Exercise materials:
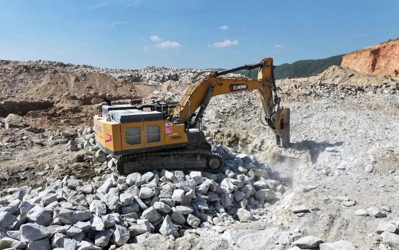 項目現(xiàn)場機械轟鳴、熱火朝天,四十余臺徐工挖掘機有序開展破碎與裝車作業(yè)。該工業(yè)園依山而建,土石方量達600萬方,現(xiàn)場多為質(zhì)地堅硬的麻石,施工難度極大。徐工20-70噸級挖掘機聯(lián)袂出擊,組建專屬施工矩陣??蛻籼寡?,前期使用其他品牌設備時破碎吃力,經(jīng)徐工工作人員推薦嘗試其大噸位挖掘機后,憑借出眾表現(xiàn)逐步完成全面置換,成功攻克施工難題。
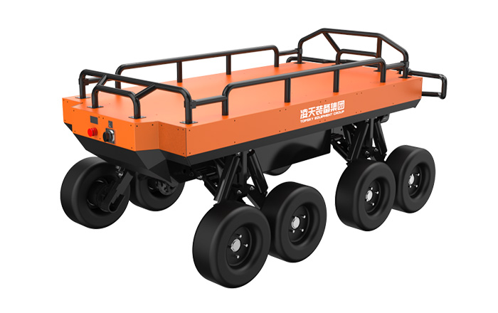 行走方式:八輪行走機構,原地旋轉,全向減震懸掛設計,上下左右均具有獨立減震功能;動力:電動,鋰電池
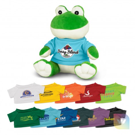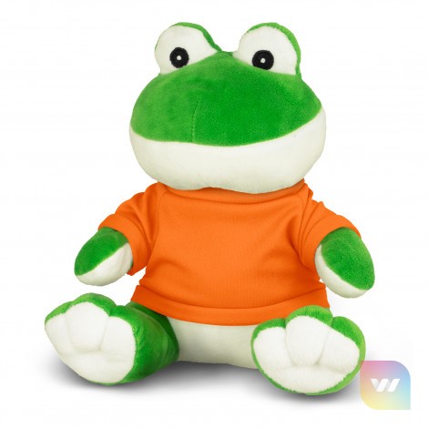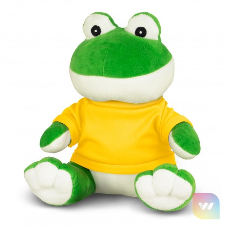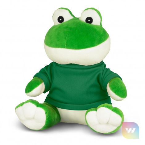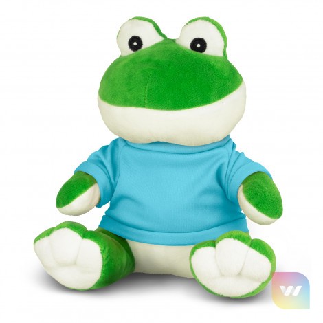 Soft frog plush toy with embroidered eyes, RPET filling and a polyester t-shirt which is available in eleven colours. Plush animals provide a cute and cuddly branding option and are great for brand recognition and spreading goodwill. They have also been manufactured to meet AS/NZS Safety Toy Standards.
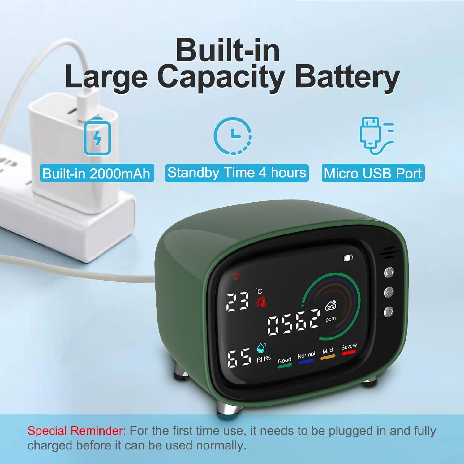 【Friendly reminder & Safety Principles】For indoor air quality monitoring, the IAQ detector needs to be preheated after turning on. After about 5 minutes, the accuraty air quality will gradually be detected. If the air circulation is good, the detection will be faster and more accurate. For example, when the detector is moved from one room to another, the AQI data detected will not immediately change,If the air quality is poor, in order to ensure good health, it is recommended to open windows for ventilation immediately before testing.Notes: Before May Day 2025,The IAQ monitors Only support Celsius degrees, Do Not Support Fahrenheit degrees.
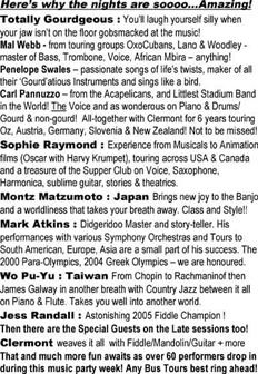 www.PenelopeSwales.com (the Luthier - converting vine to violin! And guitar/ bass/ percussion etc), Carl Pannuzzo and Mal Webb (with Lano & Woodley) with their respective dot com websites have their audiences laughing hard when not amazed at the antics of their performance . Together with Andrew, you'll never see Clermont the same after this!!
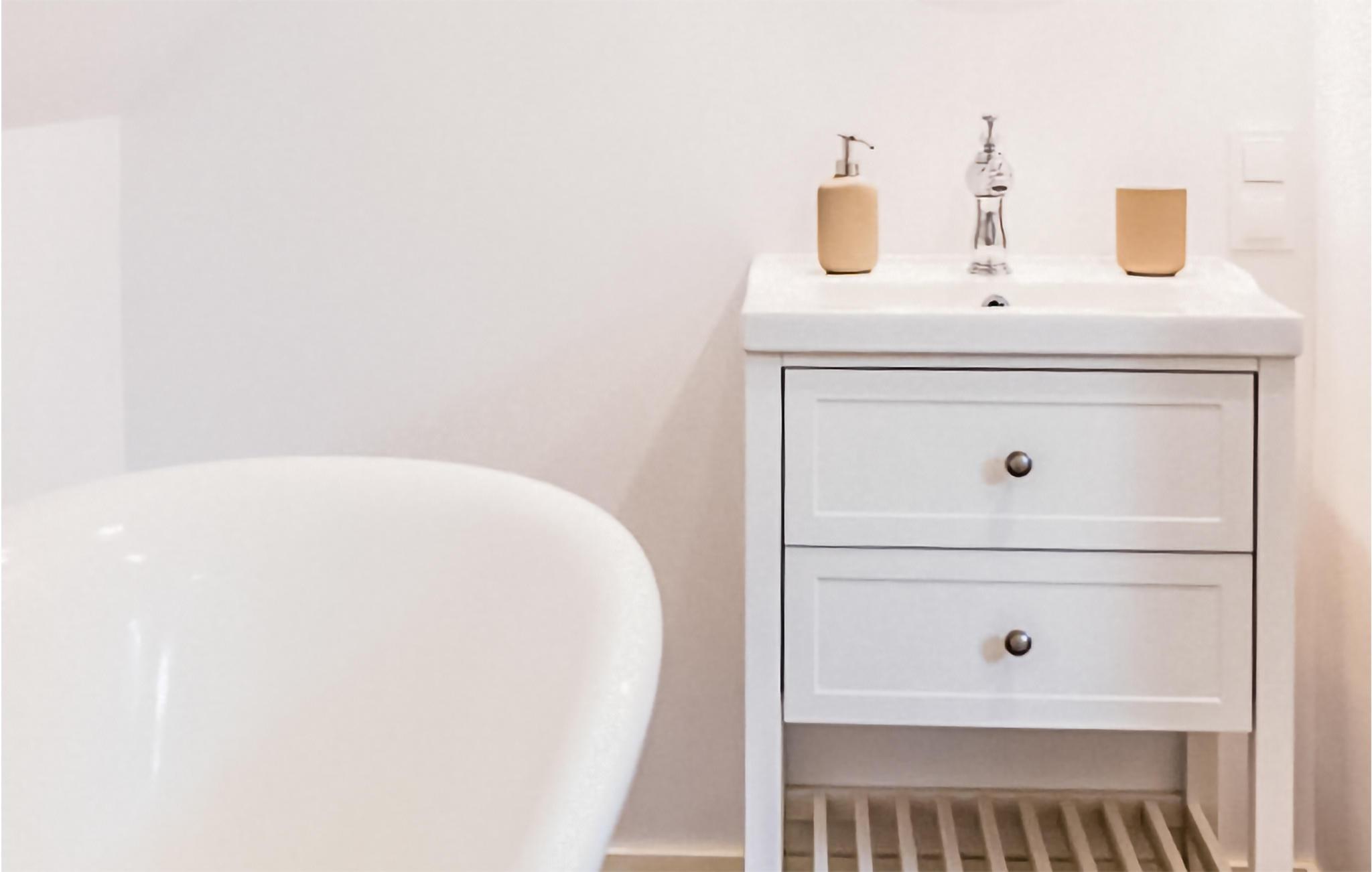 - WC mit warmem und kaltem Wasser, Badewanne
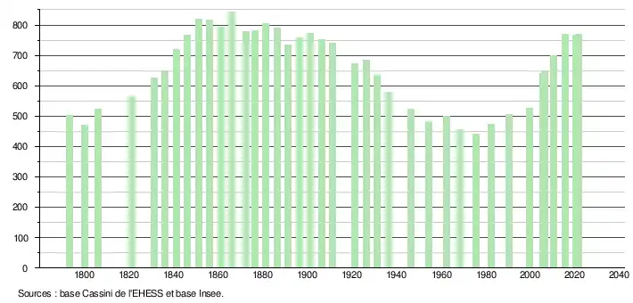 | L'évolution du nombre d'habitants est connue à travers les recensements de la population effectués dans la commune depuis 1793. Pour les communes de moins de 10 000 habitants, une enquête de recensement portant sur toute la population est réalisée tous les cinq ans, les populations légales des années intermédiaires étant quant à elles estimées par interpolation ou extrapolation[26]. Pour la commune, le premier recensement exhaustif entrant dans le cadre du nouveau dispositif a été réalisé en 2005[27]. En 2021, la commune comptait 770 habitants[Note 3], en augmentation de 0,13 % par rapport à 2015 (Landes : +4,9 %, France hors Mayotte : +1,84 %). |
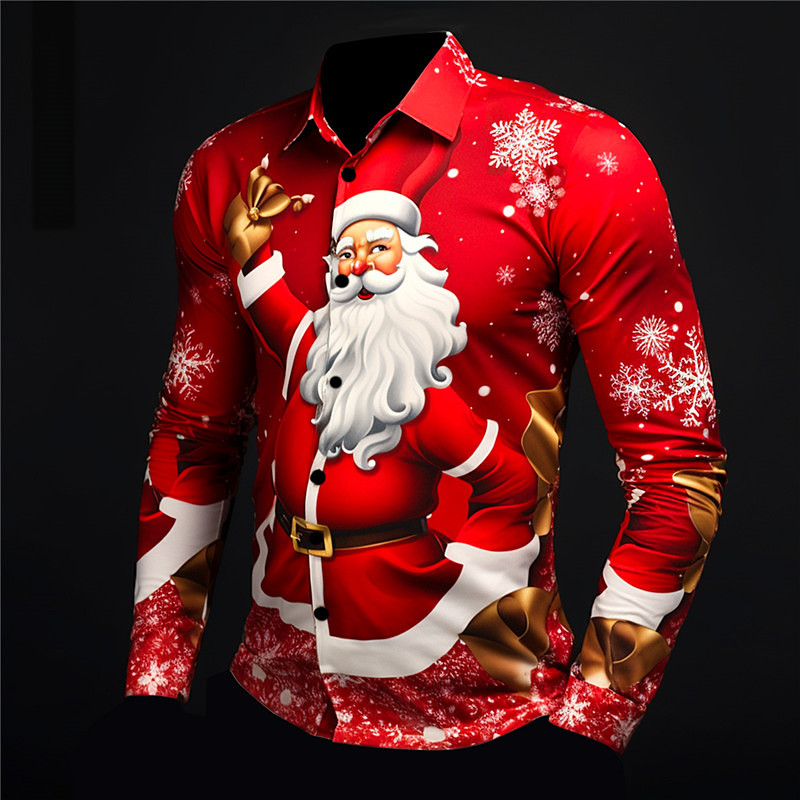 Christmas Men's Santa Claus Printed Shirts Santa Claus Tree Casual Daily Wear Going out Fall Winter Turndown Long Sleeve Dark Red, Red, Burgundy S, M, L 4-Way Stretch Fabric Shirt

Aim of the exercise: Retype only the lines that run from the first line of the entries above to the line containing "www.PenelopeSwales.com (the Luthier", both included. Do not carry over any pictures.

Expected answer:
 項目現(xiàn)場機械轟鳴、熱火朝天,四十余臺徐工挖掘機有序開展破碎與裝車作業(yè)。該工業(yè)園依山而建,土石方量達600萬方,現(xiàn)場多為質(zhì)地堅硬的麻石,施工難度極大。徐工20-70噸級挖掘機聯(lián)袂出擊,組建專屬施工矩陣??蛻籼寡?,前期使用其他品牌設備時破碎吃力,經(jīng)徐工工作人員推薦嘗試其大噸位挖掘機后,憑借出眾表現(xiàn)逐步完成全面置換,成功攻克施工難題。
 行走方式:八輪行走機構,原地旋轉,全向減震懸掛設計,上下左右均具有獨立減震功能;動力:電動,鋰電池
 Soft frog plush toy with embroidered eyes, RPET filling and a polyester t-shirt which is available in eleven colours. Plush animals provide a cute and cuddly branding option and are great for brand recognition and spreading goodwill. They have also been manufactured to meet AS/NZS Safety Toy Standards.
 【Friendly reminder & Safety Principles】For indoor air quality monitoring, the IAQ detector needs to be preheated after turning on. After about 5 minutes, the accuraty air quality will gradually be detected. If the air circulation is good, the detection will be faster and more accurate. For example, when the detector is moved from one room to another, the AQI data detected will not immediately change,If the air quality is poor, in order to ensure good health, it is recommended to open windows for ventilation immediately before testing.Notes: Before May Day 2025,The IAQ monitors Only support Celsius degrees, Do Not Support Fahrenheit degrees.
 www.PenelopeSwales.com (the Luthier - converting vine to violin! And guitar/ bass/ percussion etc), Carl Pannuzzo and Mal Webb (with Lano & Woodley) with their respective dot com websites have their audiences laughing hard when not amazed at the antics of their performance . Together with Andrew, you'll never see Clermont the same after this!!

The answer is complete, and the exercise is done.